Il silenzio del refettorio e la conversazione a tavola

Se c’è un luogo adatto alla conversazione, quello è la tavola. Lo dice anche la frase che ho scelto come sottotitolo del mio blog: “Se mangi con qualcuno passi subito ad un livello più alto di amicizia”. Abbiamo provato tutti questa esperienza: quando si mangia insieme la conversazione è più piacevole, scorre quasi naturale, si vince più facilmente la timidezza e il proprio riserbo. A tavola si diventa amici o comunque è più facile provarci (e riuscirci).

San Benedetto, come vi ho già raccontato (leggi qui), dà molta importanza al rito del pasto in comune, prescrive però che i monaci mangino in silenzio, ascoltando una lettura. «Alle mense dei fratelli non deve mai mancare la lettura […] e si faccia sommo silenzio, sicché non vi si ascolti bisbiglio o voce d’alcuno fuorché solo di chi legge. Quanto a ciò che è necessario per prendere cibo o bevanda, i fratelli se lo servano a vicenda in modo che nessuno abbia bisogno di chiedere alcunché. Se tuttavia vi sarà necessità di qualche cosa lo si chieda, piuttosto che con la voce, col suono di qualunque segno». (Capitolo 38 della Regola).

L’obiettivo della lettura in refettorio è quello di dare un alimento spirituale, oltre a quello materiale, ma anche quello di evitare chiacchiere frivole, dispute, discussioni.  Il lettore declama un passo della Bibbia, il capitolo di un libro di un Padre della Chiesa o della Regola, oppure la vita di un santo. Bisogna notare però che san Benedetto raccomanda cortesia e amabilità alla mensa comune: si tace ma ci si serve reciprocamente, badando che i propri confratelli ricevano il necessario. Si rispetta il silenzio ma anche la carità: nessuno deve essere totalmente assorbito dai suoi pensieri o dall’ascolto della lettura così da non accorgersi che al suo vicino manca qualcosa. Non c’è solitudine in quel silenzio e la comunità è molto unita: si mangia tutti insieme, allo stesso orario, ascoltando la lettura, servendosi a vicenda con attenzione e carità. Ci sarebbe solitudine se il monaco mangiasse da solo, quando vuole lui, senza rispettare gli orari comuni.
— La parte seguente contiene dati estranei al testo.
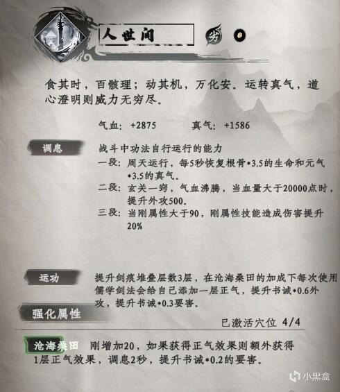 運功:劍痕堆疊層數+3,在滄海桑田的加成下每次使用儒學劍法會給自己添加一層正氣,提升書戒0.6的外攻和書戒0.3的要害。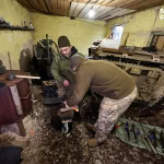Перед виїздом техніку обслуговують: перевіряють гусениці, механізми, зв’язок. Далі НРК доставляють на точку, де його завантажують провізією — водою та їжею для позицій.

Chi storce il naso di fronte al silenzio della mensa benedettina dovrebbe considerare che la vera solitudine è quella che si sperimenta oggi in molte famiglie in occasione dei pasti. Si mangia infatti quando capita, a mano a mano che si arriva a casa; si apre il frigorifero, si scalda qualcosa nel microonde e si corre davanti al computer o alla TV. Se ci si siede a tavola insieme, alcune cattive abitudini prendono il sopravvento: televisione accesa, smartphone sempre a portata di mano, per leggere i messaggini o i post sui social network. C’è più comunicazione, socialità e attenzione al nostro prossimo nel silenzioso refettorio dei monaci.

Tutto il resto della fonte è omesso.